Government officials, including Justine Kasule Lumumba, have defended the results, pointing to national development programmes such as the Parish Development Model (PDM) and Emyooga as drivers of improved service delivery.
“Effective service delivery is critical for improving livelihoods,” Lumumba noted in response to the findings.
That may be true at policy level. But with the national average still below 70 percent after years of incremental gains, questions remain about the pace—and equity—of progress.
Politics Of Performance
The geographic distribution of top performers is also raising uncomfortable questions.
Western Uganda’s consistent dominance in these rankings has sparked debate about whether resource allocation, political influence, and administrative capacity are evenly distributed across the country.
For residents in lower-ranked districts such as Tororo, Bukwo, or Kotido, the rankings often feel disconnected from daily realities—where access to clean water, functional schools, and basic healthcare remains uncertain.
Beyond The Numbers
Ultimately, the LGMSD assessment was designed to strengthen accountability and guide improvement planning.

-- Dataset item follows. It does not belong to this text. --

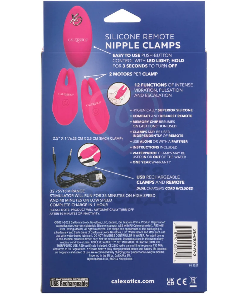 Игрушка перезаряжается через USB кабель - 1 час полной зарядки даст около 40 минут интенсивной стимуляции сосков. Дополнительно можно приобрести браслет Wristband Remote Accessory, с помощью которого можно управлять любыми игрушками из серии CalExotics XO Collection.

But unless its findings translate into targeted interventions, it risks becoming another bureaucratic ritual—high on data, low on impact.
Uganda’s decentralisation agenda was built on the promise of bringing services closer to the people. That promise, many would argue, remains unevenly fulfilled.
Closing the gap will require more than performance scores. It demands genuine fiscal decentralisation, equitable infrastructure investment, and a staffing policy that reflects the realities of local governments—not just national ceilings.
Until then, the annual rankings will continue to tell the same story: modest gains at the top, massive gaps everywhere else.
For millions of Ugandans, the real measure of performance is not a percentage score—but whether the nearest health centre has medicine, the road to market is passable, and local leaders can respond when it matters.
The 2025 LGMSD report has done its part by exposing the disparities. The burden now shifts to policymakers to act on them.